The shape of a relationship is only known around the data
The models that we have used to describe the relationship between a response, Y, and explanatory variable, X, are usually only approximations to the 'real' relationship. For example, a scatterplot may look linear, but we really have no information about the shape of the relationship beyond our data.
As a result, the models that we have described may be used to predict Y from values of X that are within the range of x-values in our data, but we should be very cautious about using a fitted model for predictions outside this range.

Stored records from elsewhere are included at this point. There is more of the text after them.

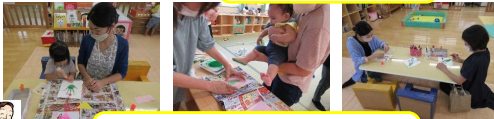
敬老の日に向けて、親子製作をしました。ベビーちゃんは足形、キッズは手形を取り、ママたちがきれいに花飾りをつけて祖父母へのプレゼント作りをしました。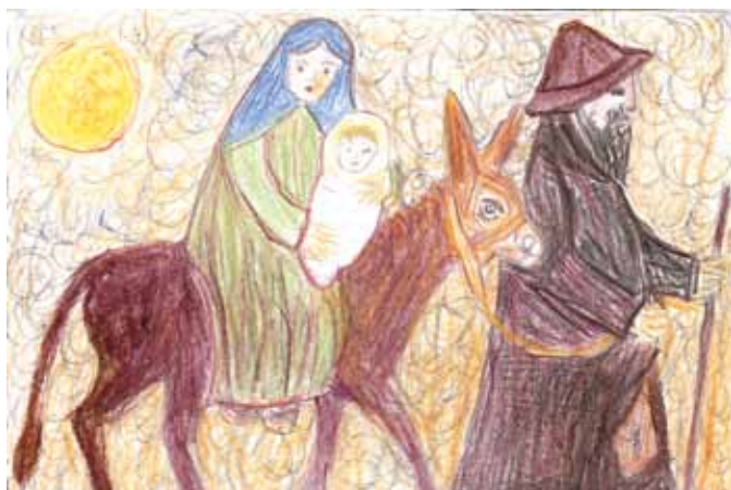
1 miejsce, Oliwia Paleczka, 9 lat, kl. IV, Zespół Szkół w Jadachach, opiekun B. Ordon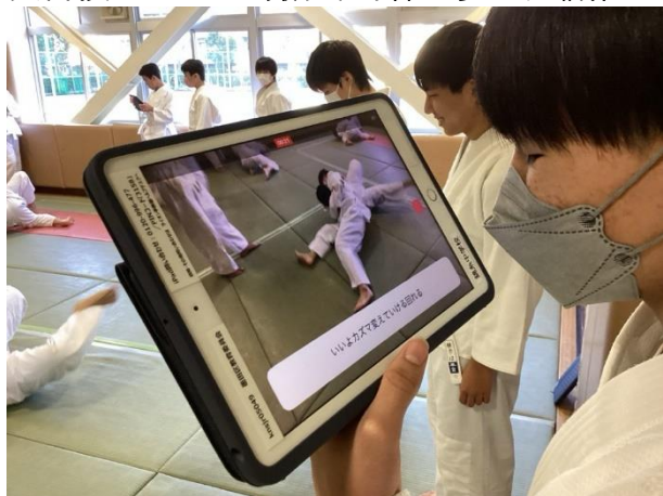
2年 保健体育科 武道(柔道) 独自技をカメラで撮影、身体感覚の知識化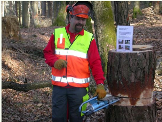
Vorstellung des hydraulischen Keils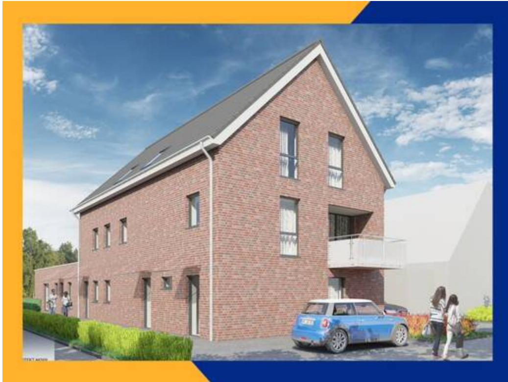
Maisonette-Wohnung mit Loggia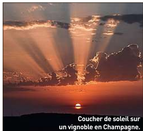
Coucher de soleil sur un vignoble en Champagne.

Vous êtes doué pour la photographie? Envoyez vos images à contribution@20minutes.fr ou postez-les sur Instagram avec le hashtag #nosinternautesontdualent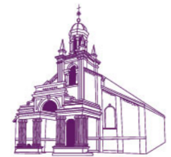
ORCHARD ROAD PRESBYTERIAN CHURCH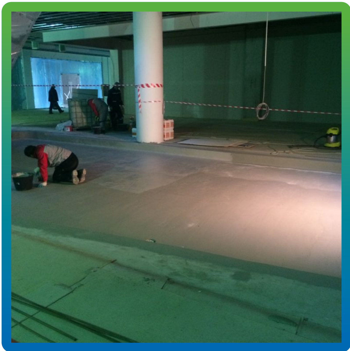
Нанесение второго слоя эластичной гидроизоляции Макссил Флекс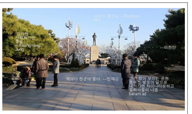
<Mind Map>_모모모_2모 모모_20 47_2016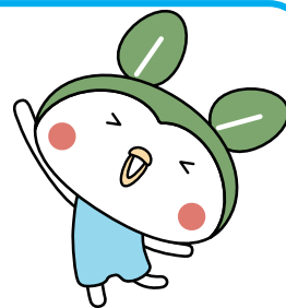
ぶちエコやまくち マスコットキャラクター 「エコっちゃん」

【共催】 山口市 / 防府市 / 美祿市 【協力】 下関市 / 宇部市 / 萩市 / 下松市 / 岩国市 / 光市 / 長門市 / 柳井市 / 周南市 / 山陽小野田市 / 周防大島町 / 和木町 / 上関町 / 田布施町 / 平生町 / 阿武町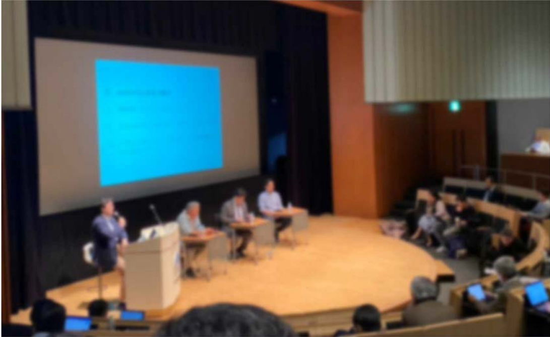
写真 3 2020年2月5日開催シンポジウム パネルディスカッションの様子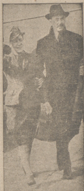
Acompañado de su esposa, Mr. Richard O. Casey, que era ministro de Australia en Washington, llega a Londres para unirse al Gabinete de Guerra como ministro de Estado y representante del Gabinete en el Oriente Central.

Los aviones alemanos han atacado en el mismo sector las posiciones de partida y las localidades ocupadas por la caballería bolchevique. En el curso de estos ataques el enemigo ha experimentado graves pérdidas en hombres y caballos, así como de material. Durante un ataque contra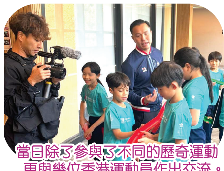
當日除了參與了不同的歷奇運動，更與幾位香港運動員作出交流。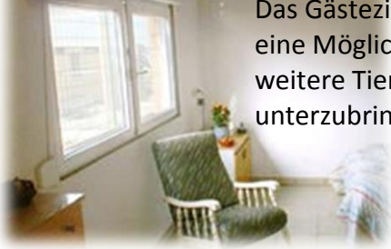
Das Gästezimmer oder eine Möglichkeit 2 weitere Tierärzte unterzubringen.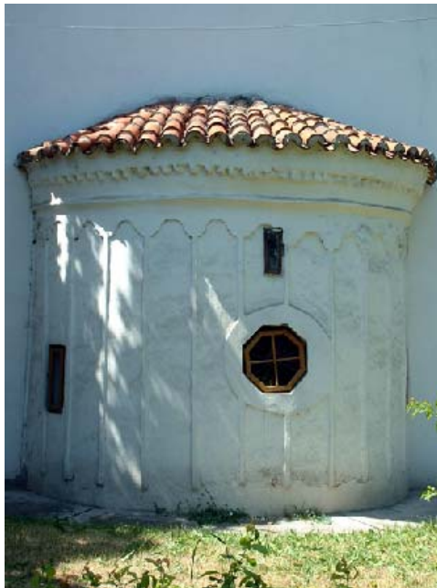
Sl. 4. Главна апсида Fig. 4. The principal apsis

У осовини главног брода се налази главна апсида, изнутра полукружна, а споља тринаестострана. (сл. 4) Странице апсиде су декорисане плитким пиластрима повезаних низом слепих аркадица, карактеристичним елементима византијске декорације. Апсида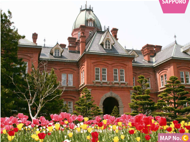
MAP No. C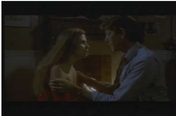
Fotograma, “Bitter Moon”(1992 )Dir. Roman Polanski , Minuto 24:55

El erotismo aparece por primera vez en esta película en la escena en que Mimi y Oscar se dirigen a la casa de él, un departamento pequeño que posee una chimenea, una alcoba y una sala acogedora. Al llegar, ella lleva en su mano un largo pan francés y él unas bolsas. Preparan café, chocolate y croissants, además prenden la chimenea. Con el fuego encendido, se disponen a comer, sin embargo ella no deja de mirarlo fijamente con unos ojos inocentes pero lujuriosos, y como en un encanto el erotismo invadió sus cuerpos, y más que un encuentro sexual se aprecia en la escena como una fuerza que los lleva a consumir todo.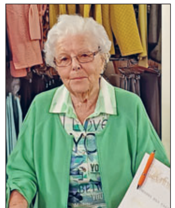
Jana Dost Seniorenpflegeheim Schönerstädt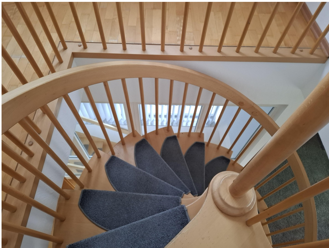
Holzspindeltreppe von oben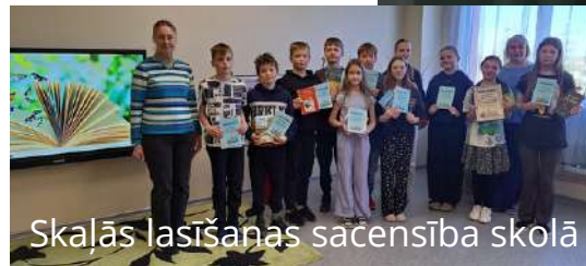
Skajā lasīšanas sacensība skolā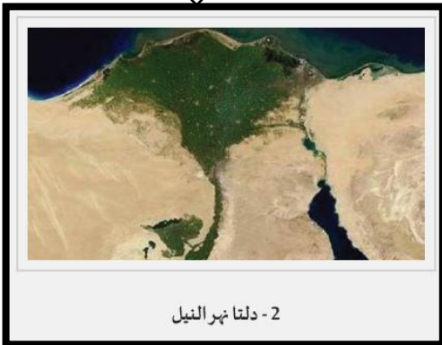
2 - دلتا نهر النيل

السؤال السابع : ما أسباب تكون الدلتاوات النهرية ؟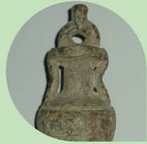
SAN GIOVANNI IN PERSICETO Museo Archeologico Ambientale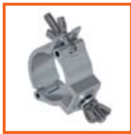
RD48-51mm, 30mm SWL 100kg, M10 slank/thin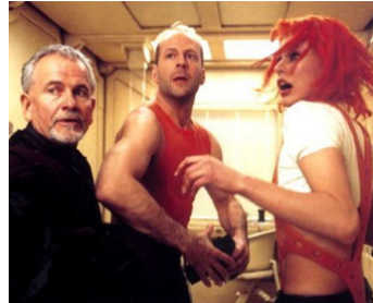
1997 LE CINQUIÈME ÉLÉMENT de Luc Besson avec Bruce Willis, Milla Jovovich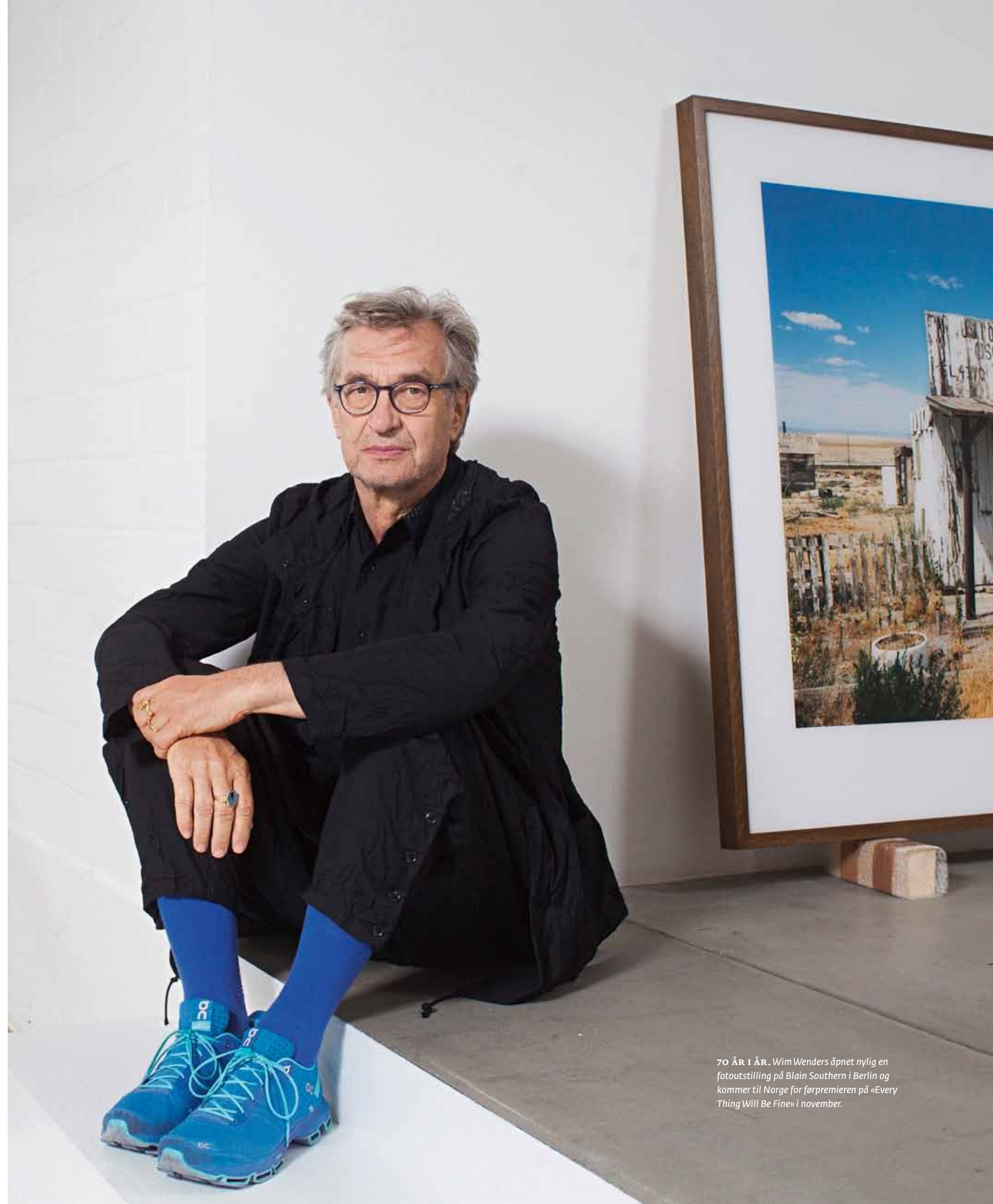
70 ÅR I ÅR. Wim Wenders åpnet nylig en fotoutstilling på Blain Southern i Berlin og kommer til Norge for førpremier på «Every Thing Will Be Fine» i november.

Filmskaperen mener at akkurat dette var veldig uvanlig for det amerikanske publikum på den tiden. »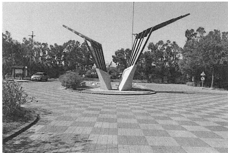
鷹揚鰲鼓圓環，僅供遊客下車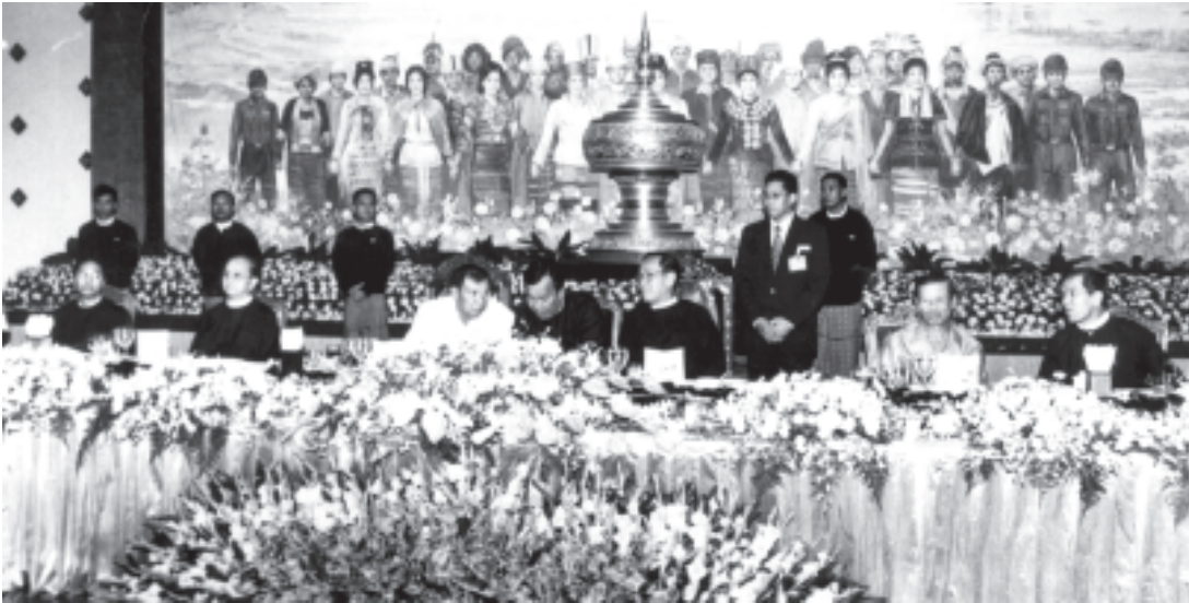
ပြည်ထောင်စုမြန်မာနိုင်ငံတော် နိုင်ငံတော်ဝန်ကြီးချုပ် ဒုတိယဗိုလ်ချုပ်ကြီးစိုးဝင်းက လာအိုပြည်သူ့ဒီမိုကရက်တစ်သမ္မတနိုင်ငံ ဝန်ကြီးချုပ် မစ္စတာဘောင်ညိဗိုရာချစ်နှင့်အဖွဲ့ဝင်များအား ရန်ကုန်မြို့ ပြည်သူ့လွှတ်တော်အဆောက်အအုံဧည့်ခံခန်းမ၌ ဂုဏ်ပြုညစာစားပွဲဖြင့် တည်ခင်းစဉ်ပုံစံ။ (သတင်းစဉ်)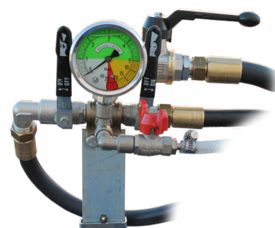
Comando manuale a distanza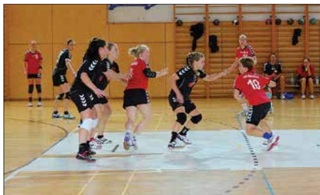
V drugem polčasu so se Nazarčanke izkazale z raznovrstno igro v napadu.

Sledila je napeta končnica, napetost so stopnjevale številne izključitve domačih igralk, kar so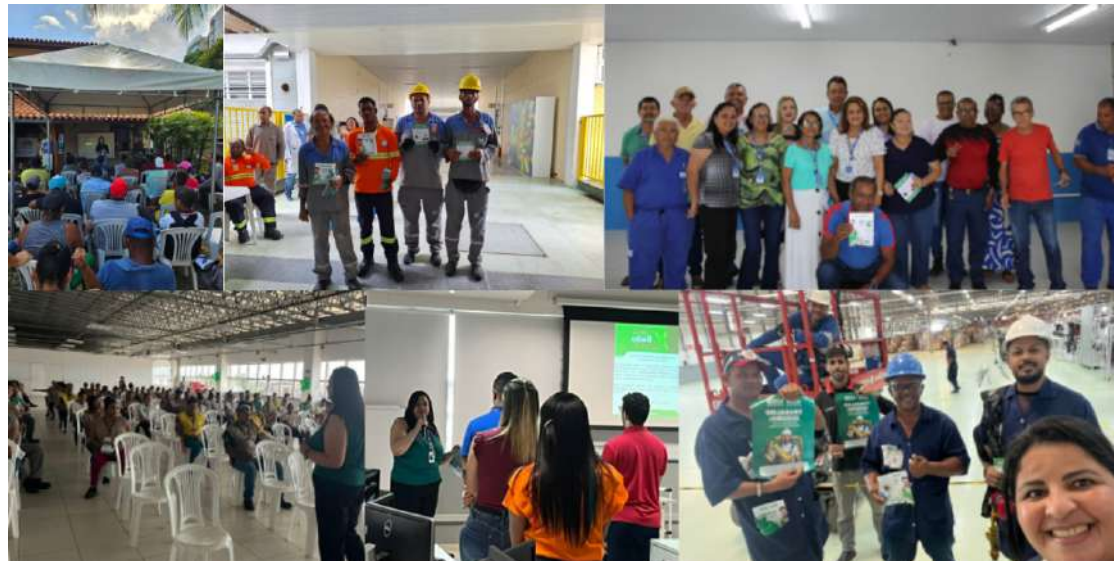
Na rede SESI de Educação

Destaque para as empresas que prezaram por orientar maior número possível de seus de colaboradores como: 3D ENGENHARIA; ALTENBURG; COMPANHIA DE DESENVOLVIMENTO REGIONAL DE SERGIPE – CODERSE; DUAS RODAS; FABISE; INDUSTRIA ORIENTAL; INTERGRIFFES; JCA PLÁSTICOS; LEITE DE ROSAS; PETRÓLEO BRASILEIRO; PROJETEL; REDE CONECTA; SERGIPE GÁS; UNIÃO ENGENHARIA; USINA SÃO JOSÉ DO PINHEIRO; VINATON TECNOLOGIA & ENGENHARIA LTDA E VOTORANTIM.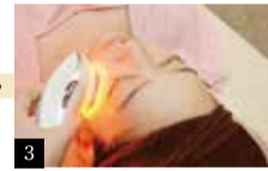
3 高濃度生ビタミンCとコラーゲン注入。さらに筋肉運動を働きかけるEMSで引き上げた肌を長持ちさせる。

This is called extrapolation and it can be badly in error.
Avoid using a model to predict Y far beyond the available data.
What model for curvature is best?
We described two different types of nonlinear model for data with curvature — quadratic models and linear models based on transformed variables. There are many data sets for which both types of model fit equally well.
However the different types of model can give very different predictions when used to extrapolate from the observed data. The data cannot help us to decide which is better.
GDP in the USA
For example, consider the time series of GDP (measured in billion dollars, corrected for inflation by being expressed in 1996 dollar terms) in the USA between 1960 and 2001.
We saw earlier that a quadratic model fitted well. In terms of an explanatory variable t that we define to be the year minus 1960 (so that 1960 is year t = 0, 1061 is year t = 1, ...) the least squares curve is
estimate of GDP = 2562.6 − 74.913 t + 2.0851 t2
The logarithm of the pressure is also approximately linearly related to boiling point with the equation
estimate of ln (GDP) = 7.851 + 0.03166 t
This equation can be rewritten in the form
estimate of GDP = exp( 7.851 + 0.03166 t )
The two models (quadratic in the original measurements and linear in the transformed measurements) both fit the data reasonably well with residual plots that are similar. The data give no indication of which of the alternative models fits better.
Use the pull-down menu to display the two fitted lines (Quadratic model and Log linear model). Observe that they almost coincide.
Select the option Both models, then use the slider to extend the two axes. Before about 1940 and after about 2020, the two models give very different predictions of GDP.
Indeed, the quadratic model (which is green) predicts that GDP would have been higher in 1920 than in 1940, which is clearly unreasonalbe! For these data, the log linear model conforms better to how we might expect GDP to have changed in the past.
However we really have little idea about which curve is better in the future— indeed, neither may adequately predict GDP. The point here is that...
Predictions from any model will be very unreliable if the predictions are made away from values of the explanatory variables where we have data. |